━━━ Raw data

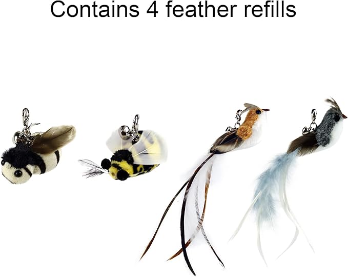 - 2. High quality and safety: feathers are made of natural materials. The handle is made of natural wood, and the rounded shape is more comfortable. Our clasps are easy to open and close to change feathers. (Package includes: 1 cat wand + 4 feather refills)
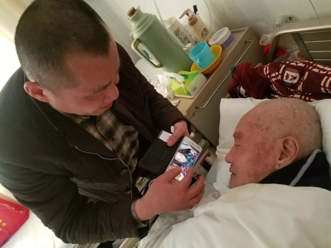 我坐在床头,抚摸着爸爸的额头说:“昨天是大年三十,全家都到医院来跟您过年了,记得吗?还一起照了全家福相呢。”我拿出手机,翻出全家与他合影的照片,指着一个个放大的人头告诉他,一遍一遍讲述全家一起看他的情景……他眨了眨眼睛。我猜想,他听清了我的话,也忆起了除夕全家团聚的情景。
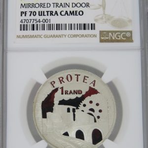 Lot 21: South Africa: Republic Silver R1 “Railway Centennial – Mirrored Train Door” of 1995 Proof 70 NGC.

━━━━━━

__Your goal__.
Print the listing verbatim; no pictures.

__The answer__.
 - 2. High quality and safety: feathers are made of natural materials. The handle is made of natural wood, and the rounded shape is more comfortable. Our clasps are easy to open and close to change feathers. (Package includes: 1 cat wand + 4 feather refills)
 我坐在床头,抚摸着爸爸的额头说:“昨天是大年三十,全家都到医院来跟您过年了,记得吗?还一起照了全家福相呢。”我拿出手机,翻出全家与他合影的照片,指着一个个放大的人头告诉他,一遍一遍讲述全家一起看他的情景……他眨了眨眼睛。我猜想,他听清了我的话,也忆起了除夕全家团聚的情景。
 Lot 21: South Africa: Republic Silver R1 “Railway Centennial – Mirrored Train Door” of 1995 Proof 70 NGC.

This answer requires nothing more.